Since to the survey, ROSAT has been used in pointed mode. It is these
pointings that are archived and available to the public.
A summary list of sources detected in the PSPC pointings is given in the
WGA
Catalog of ROSAT Point Soutces. Further derivative data are available
from the ROSAT
Results Archive. These catalogs are also maintained at the
MPE site - check the options
under Databases.
The Advanced
Satellite for Cosmology and Astrophysics is an imaging X-ray telescope
with an emphasis on intermediate-resolution spectroscopy over the 0.4-10 keV
energy range. ASCA is a cooperative program between the US and Japan.
ASCA has 4 thin-foil telescopes, designed for
medium spatial resolution but large effective area at low cost.
Two of the telescopes feed
Solid State
Imaging Spectrographs (SIS);
the others feed the
Gas Imaging
Spectrometers (GIS). The SIS detectors are
front-illuminated CCDs. These
achieve 2% energy resolution at 6 keV, with about 1 arcmin spatial resolution
over a 22 arcmin square field.
The GIS detectors are imaging gas scintillation proportional counters.
These
can achieve an energy resolution of 8% at 6 keV, and are the more sensitive of
the two sets of detectors at energies above about 5 keV. The field of view
of the GIS is 50 arcmin.
ASCA data become public one year after receipt by the original
observer, and are available through
the ASCA
Archive at the HEASARC.
An ASCA
SIS Source
catalog is available at the HEASARC.
The Rossi X-Ray
Timing Explorer (RXTE) is an X-ray light bucket, with an enormous
collecting area but very limited spatial resolution
(See here for another introduction to the
RXTE). The RXTE uses proportional
counters and scintillators to obtain high-time-resolution data on X-ray
sources in the 2-250 keV range.

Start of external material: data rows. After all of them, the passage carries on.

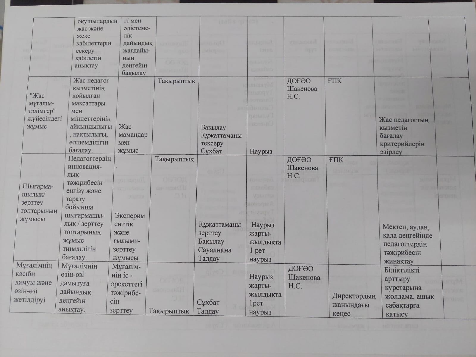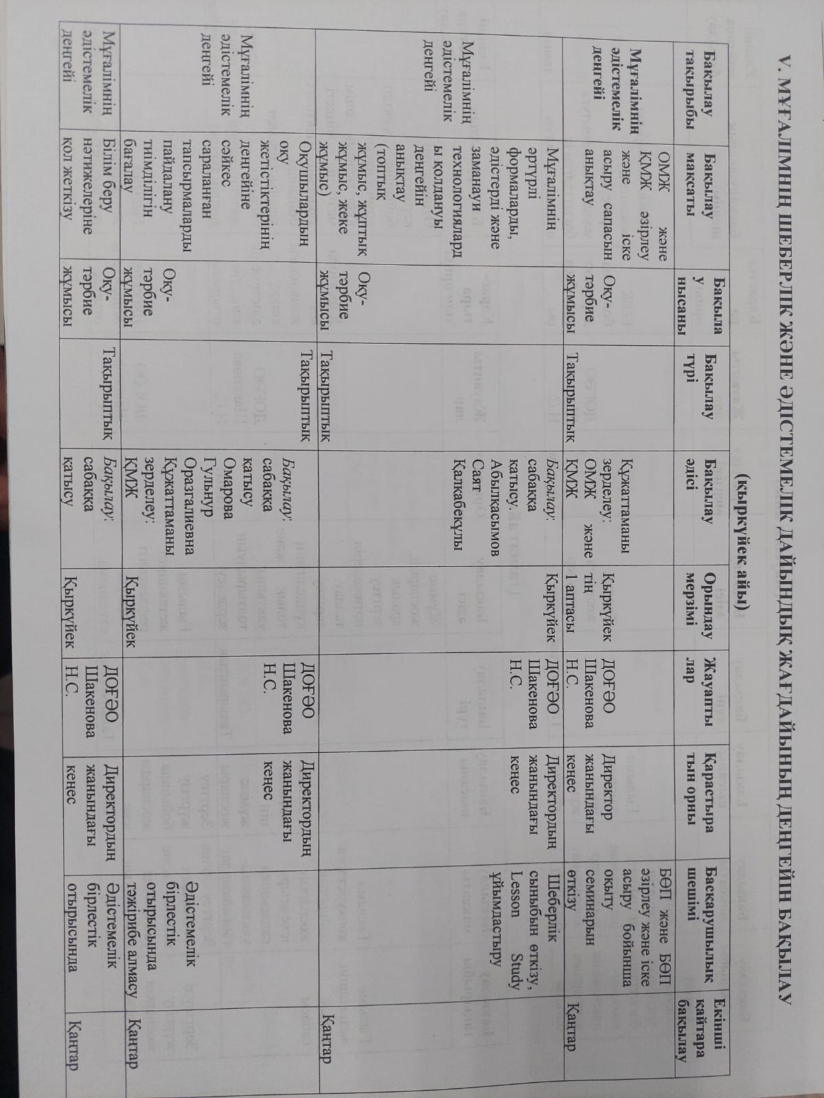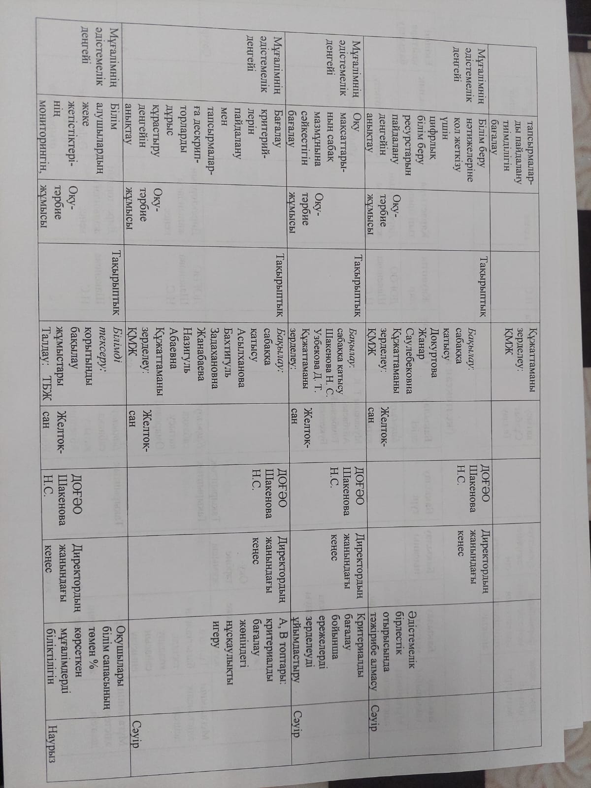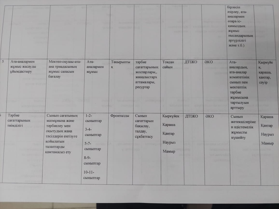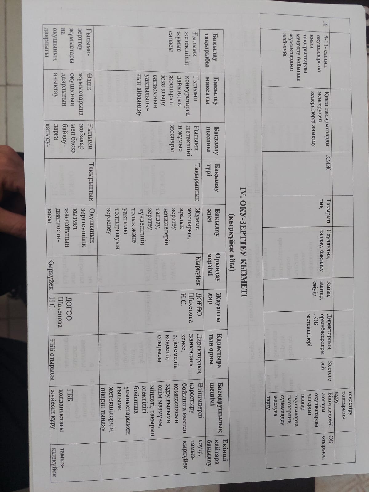 2023-2024 оқу жылына арналған Мектепшілік Бақылау Жоспары
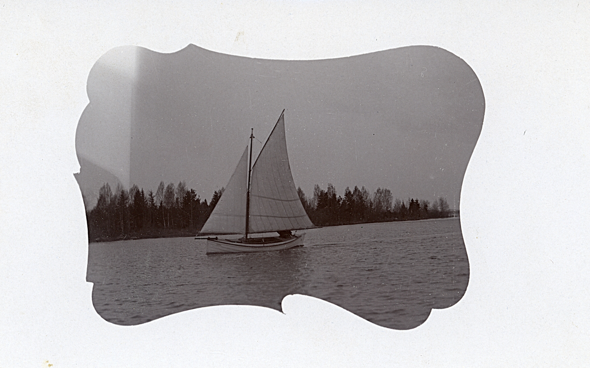Brevkort med motiv av en segelbåt ute till sjöss.
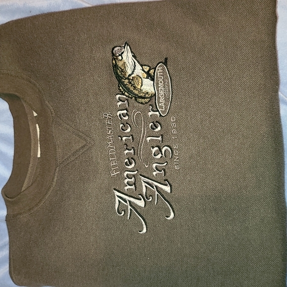 gently worn sweatshirt. beautiful condition. there is a spot on the first can be removed. it was been folded up in hubby's closet.
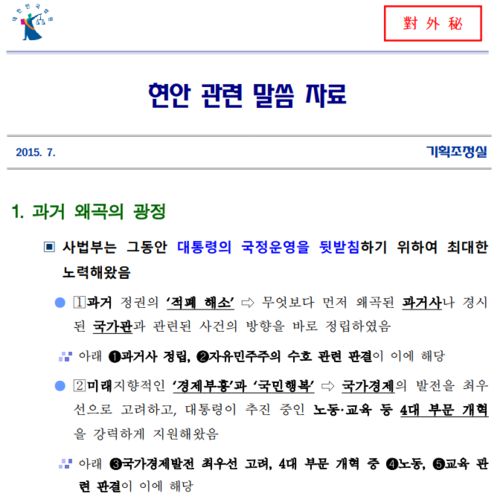 문제의 문건들은 2015년 7·8월 법원행정처 심의관들이 작성했다. 문건은 ‘과거 왜곡의 광정(잘못된 것을 바로잡아 고침)’, ‘정부 운영에 대한 사법부의 구체적 협력 사례’와 같은 제목 아래 전교조 법외노조 사건, 원세훈 전 국가정보원장의 대선개입 사건, KTX 승무원 사건, 쌍용차 정리해고 사건, 긴급조치 사건 등을 언급한다.

The instruments are the
- Proportional
Counter Array (PCA), which has a 6500 cm2 collecting area
for 2-60 keV photons. The PCA has 1 microsecond time resolution.
- High Energy
X-ray Timing Experiment (HEXTE), which provides 8 microsecond time
resolution between 12 and 250 keV, using NaI/CsI scintillators.
- All-Sky
Monitor (ASM), which scans 80% of the sky every 90 minutes, to provide
a long term history of the brightness of strong X-ray sources, and to
locate transient X-ray sources. Light curves from the
ASM are available at the
ASM Light Curves Page.
Note that RXTE data are currently archived in a complicated data format (yes,
it's FITS format, but it is not straightforward to extract the useful data).

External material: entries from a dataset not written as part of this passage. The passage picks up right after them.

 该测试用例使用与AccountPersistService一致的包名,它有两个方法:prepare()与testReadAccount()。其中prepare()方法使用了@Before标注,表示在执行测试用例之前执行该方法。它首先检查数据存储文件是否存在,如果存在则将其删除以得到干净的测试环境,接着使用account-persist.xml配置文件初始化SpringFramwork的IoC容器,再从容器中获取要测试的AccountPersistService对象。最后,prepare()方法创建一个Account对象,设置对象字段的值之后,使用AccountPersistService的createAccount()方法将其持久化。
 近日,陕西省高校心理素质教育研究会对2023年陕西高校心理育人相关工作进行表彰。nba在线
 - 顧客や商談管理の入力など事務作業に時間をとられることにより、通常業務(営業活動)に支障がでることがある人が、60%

If you plan to work witn RXTE data, you should plan to use the
FTOOLS
software package.
See the Compton Gamma
Ray Observatory(CGRO) Science Support Center web page. The CGRO contains 4
scientific instruments to investigate the universe at gamma-ray energies
(greater than about 100 keV). These are the
These data are not easy to analyze, for technical reasons,
and novices are dissuaded from trying to
use then during the short (3.5 week) lab session. However, feel free to try,
but read the documentation at these sites first!
The CHANDRA X-ray observatory
(formerly AXAF, the Advanced X-ray Astronomy Facility) was
successfully placed into orbit in July 1999. CHANDRA is the third in NASA's
series of Great Observatories, and is the X-ray equivalent of the Hubble Space
Telescope. It will return images with 0.5 arcsec spatial resolution,
and has a transmission grating spectrometer to get spectra with resolutions
up to 1000. The detectors are ACIS, the AXAF CCD Imaging Spectrograph,
and HRC, the High Resolution Camera.
Orbital checkout/science
verification is now underway. There are no data in the archives as of September
1999 - but come back next year.
FUSE, the Far Ultraviolet Spectroscopic
Explorer, was placed into orbit on June 24 1999. FUSE is designed to obtain
high resolution (R = 30,000) spectra in the astrophysically-important, but
obervationally-difficult 912-1200 Angstrom region.
FUSE is currently undergoing
orbital checkout and science verification. There are no data in the archives
as of September 1999 - but come back next year.